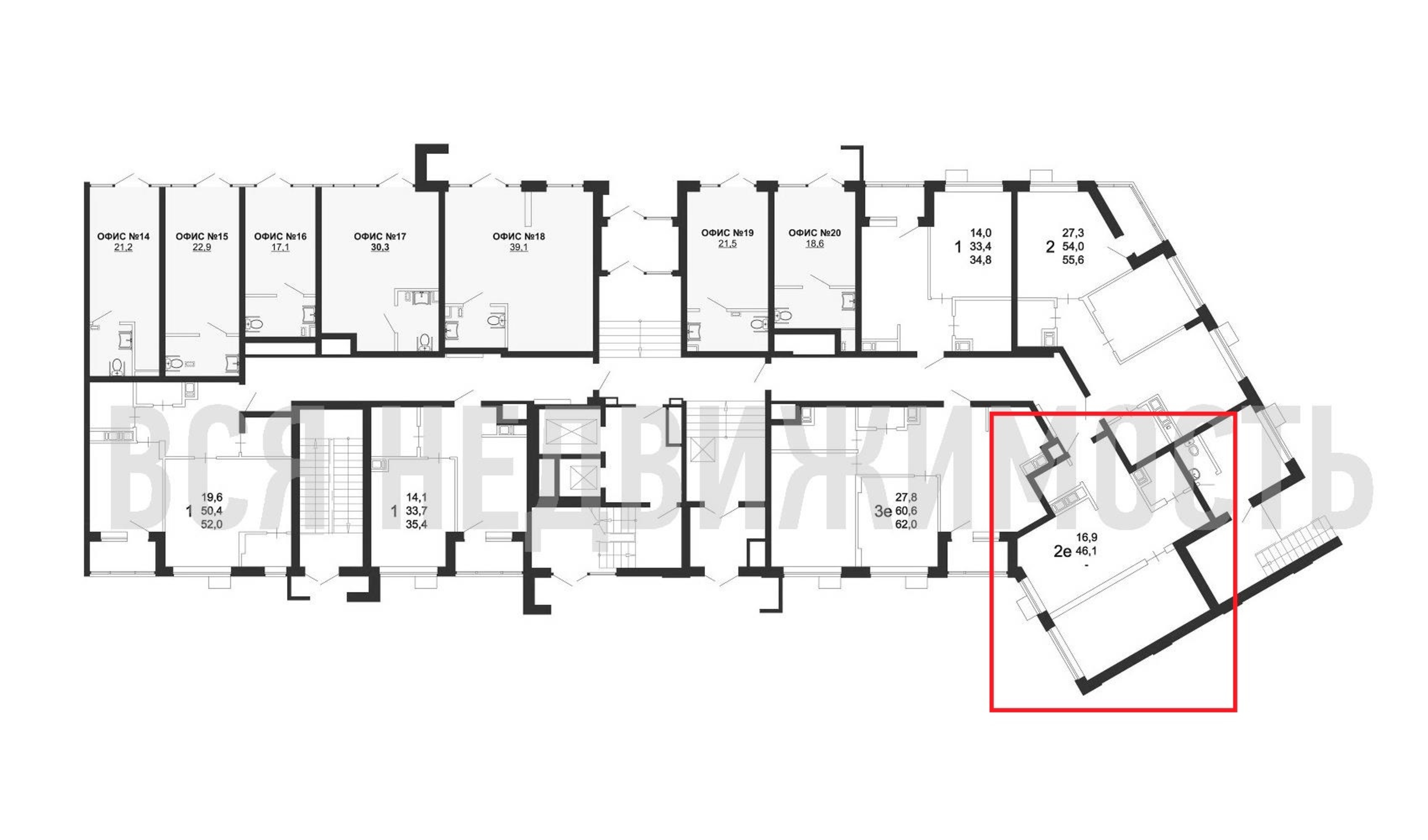 1-комнатная квартира, 46.10 м² 1/13 этаж ID объекта 100084755
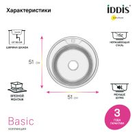 Мойка, нержавеющая cталь, полированная, D510, Basic, IDDIS, BAS51P1i77
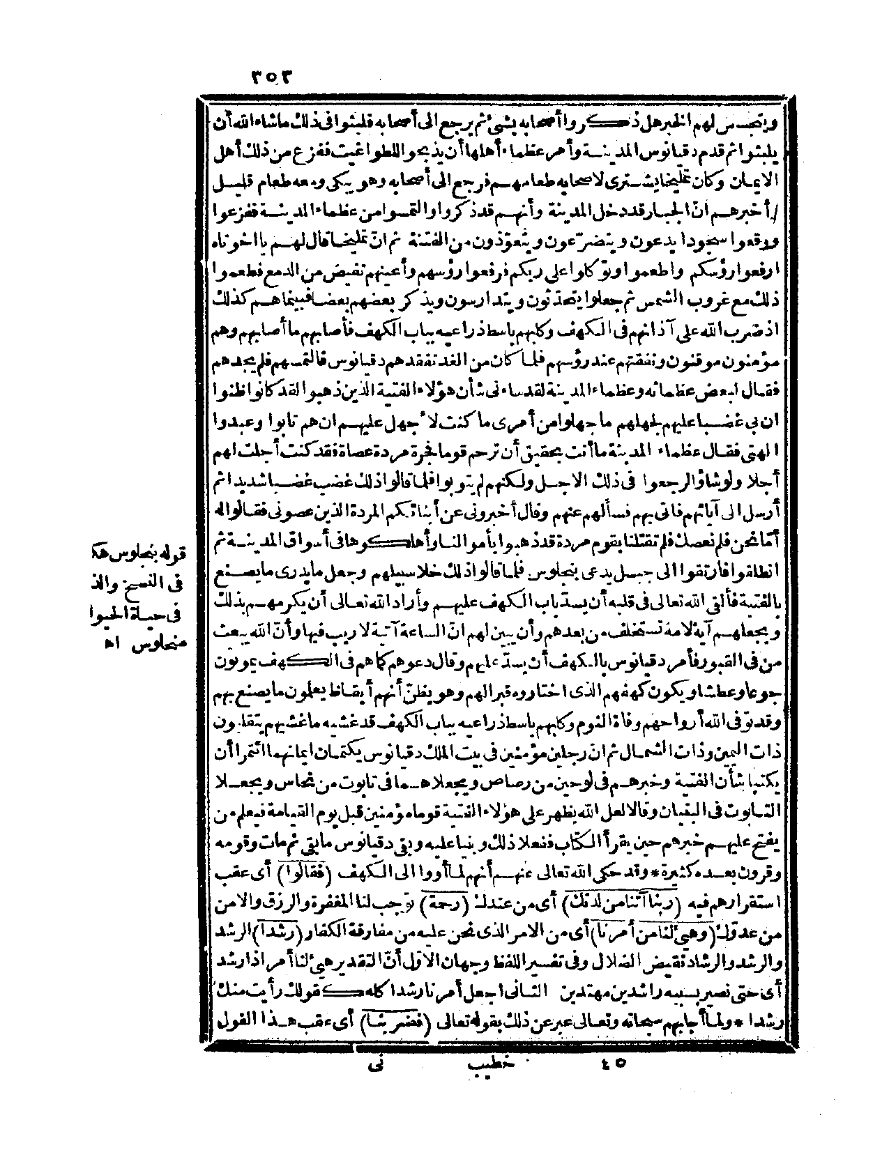 فقال عظماء المدينة: ما أنت بحقيق أن ترحم قوماً فجرة مردة عصاة، فقد كنت أجلت لهم أجلاً ولو شاؤوا لرجعوا في ذلك الأجل ولكنهم لم يتوبوا فلما قالوا ذلك غضب غضباً شديداً ثم أرسل إلى آبائهم فأتي بهم فسألهم وقال: أخبروني عن أبنائكم المردة الذين عصوني فقالوا له: أمّا نحن فلم نعصك فلم تقتلنا بقوم مردة قد ذهبوا بأموالنا وأهلكوها في أسواق المدينة ثم انطلقوا فارتقوا إلى جبل يدعى بنجلوس فلما قالوا ذلك خلا سبيلهم وجعل ما يدري ما يصنع بالفتية، فألقى الله تعالى في قلبه أن يسدّ باب الكهف عليهم واراد الله تعالى أن يكرمهم بذلك ويجعلهم آية لأمة تستخلف من بعدهم وأن يبين لهم {أنّ الساعة آتية لا ريب فيها وأنّ الله يبعث من في القبور} (الحج، 7) ، قوله بنجلوس هكذا في النسخ والذي في حياة الحيوان منحلوس اه. فأمر دقيانوس بالكهف أن يسدّ عليهم وقال: دعوهم كما هم في الكهف يموتون جوعاً وعطشاً ويكون كهفهم الذي اختاروه قبراً لهم وهو يظن أنهم أيقاظ يعلمون ما يصنع بهم، وقد توفى الله أرواحهم وفاة النوم وكلبهم باسط ذراعيه بباب الكهف قد غشيه ما غشيهم يتقلبون ذات اليمين وذات الشمال، ثم إنّ رجلين مؤمنين في بيت الملك دقيانوس يكتمان إيمانهما ائتمرا أن يكتبا شأن الفتية وخبرهم في لوحين من رصاص ويجعلاهما في تابوت من نحاس ويجعلا التابوت في البنيان وقالا: لعل الله يظهر على هؤلاء الفتية قوماً مؤمنين قبل يوم القيامة فيعلم من يفتح عليهم خبرهم حين يقرأ الكتاب ففعلا ذلك وبنيا عليه وبقي دقيانوس ما بقي ثم مات وقومه وقرون بعده كثيرة. وقد حكى الله تعالى عنهم أنهم لما أووا إلى الكهف {فقالوا} ، أي: عقب استقرارهم فيه {ربنا آتنا من لدنك} ، أي: من عندك {رحمة} توجب لنا المغفرة والرزق والأمن من عدوّك {وهيئ لنا من أمرنا} ، أي: من الأمر الذي نحن عليه من مفارقة الكفار {رشداً} الرشد والرشد والرشاد نقيض الضلال وفي تفسير اللفظ وجهان الأوّل أنّ

__WORK REQUIRED__: Repeat the whole listing above word for word. Leave out the pictures.

__ANSWER__:
 1-комнатная квартира, 46.10 м² 1/13 этаж ID объекта 100084755
 Мойка, нержавеющая cталь, полированная, D510, Basic, IDDIS, BAS51P1i77
 فقال عظماء المدينة: ما أنت بحقيق أن ترحم قوماً فجرة مردة عصاة، فقد كنت أجلت لهم أجلاً ولو شاؤوا لرجعوا في ذلك الأجل ولكنهم لم يتوبوا فلما قالوا ذلك غضب غضباً شديداً ثم أرسل إلى آبائهم فأتي بهم فسألهم وقال: أخبروني عن أبنائكم المردة الذين عصوني فقالوا له: أمّا نحن فلم نعصك فلم تقتلنا بقوم مردة قد ذهبوا بأموالنا وأهلكوها في أسواق المدينة ثم انطلقوا فارتقوا إلى جبل يدعى بنجلوس فلما قالوا ذلك خلا سبيلهم وجعل ما يدري ما يصنع بالفتية، فألقى الله تعالى في قلبه أن يسدّ باب الكهف عليهم واراد الله تعالى أن يكرمهم بذلك ويجعلهم آية لأمة تستخلف من بعدهم وأن يبين لهم {أنّ الساعة آتية لا ريب فيها وأنّ الله يبعث من في القبور} (الحج، 7) ، قوله بنجلوس هكذا في النسخ والذي في حياة الحيوان منحلوس اه. فأمر دقيانوس بالكهف أن يسدّ عليهم وقال: دعوهم كما هم في الكهف يموتون جوعاً وعطشاً ويكون كهفهم الذي اختاروه قبراً لهم وهو يظن أنهم أيقاظ يعلمون ما يصنع بهم، وقد توفى الله أرواحهم وفاة النوم وكلبهم باسط ذراعيه بباب الكهف قد غشيه ما غشيهم يتقلبون ذات اليمين وذات الشمال، ثم إنّ رجلين مؤمنين في بيت الملك دقيانوس يكتمان إيمانهما ائتمرا أن يكتبا شأن الفتية وخبرهم في لوحين من رصاص ويجعلاهما في تابوت من نحاس ويجعلا التابوت في البنيان وقالا: لعل الله يظهر على هؤلاء الفتية قوماً مؤمنين قبل يوم القيامة فيعلم من يفتح عليهم خبرهم حين يقرأ الكتاب ففعلا ذلك وبنيا عليه وبقي دقيانوس ما بقي ثم مات وقومه وقرون بعده كثيرة. وقد حكى الله تعالى عنهم أنهم لما أووا إلى الكهف {فقالوا} ، أي: عقب استقرارهم فيه {ربنا آتنا من لدنك} ، أي: من عندك {رحمة} توجب لنا المغفرة والرزق والأمن من عدوّك {وهيئ لنا من أمرنا} ، أي: من الأمر الذي نحن عليه من مفارقة الكفار {رشداً} الرشد والرشد والرشاد نقيض الضلال وفي تفسير اللفظ وجهان الأوّل أنّ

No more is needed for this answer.